• _Requirement_: Output, exactly as written, the lines below starting at the line containing "Blooms Forever in" and ending at the line containing "May 16, 2025North". Drop the pictures and keep both end lines.

• _Data extract_:
⟨
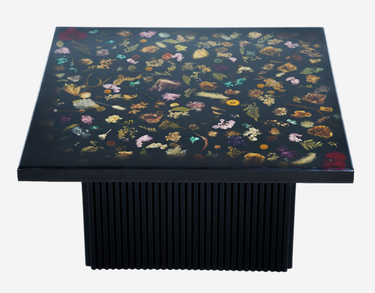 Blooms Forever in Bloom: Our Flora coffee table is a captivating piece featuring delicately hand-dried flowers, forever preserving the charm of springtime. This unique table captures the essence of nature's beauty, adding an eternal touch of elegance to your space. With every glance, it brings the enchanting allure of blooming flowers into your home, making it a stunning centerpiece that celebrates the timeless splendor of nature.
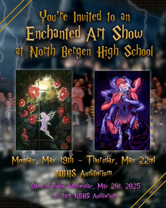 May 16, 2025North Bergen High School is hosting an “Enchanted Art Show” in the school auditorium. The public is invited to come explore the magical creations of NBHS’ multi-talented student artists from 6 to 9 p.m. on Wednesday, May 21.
⟩
⟨
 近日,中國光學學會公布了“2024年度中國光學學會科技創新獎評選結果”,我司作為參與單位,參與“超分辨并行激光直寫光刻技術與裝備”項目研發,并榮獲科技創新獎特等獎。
⟩
⟨
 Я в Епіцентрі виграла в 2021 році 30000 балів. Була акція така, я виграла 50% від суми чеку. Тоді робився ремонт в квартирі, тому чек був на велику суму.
⟩
• _Task output_:
 Blooms Forever in Bloom: Our Flora coffee table is a captivating piece featuring delicately hand-dried flowers, forever preserving the charm of springtime. This unique table captures the essence of nature's beauty, adding an eternal touch of elegance to your space. With every glance, it brings the enchanting allure of blooming flowers into your home, making it a stunning centerpiece that celebrates the timeless splendor of nature.
 May 16, 2025North Bergen High School is hosting an “Enchanted Art Show” in the school auditorium. The public is invited to come explore the magical creations of NBHS’ multi-talented student artists from 6 to 9 p.m. on Wednesday, May 21.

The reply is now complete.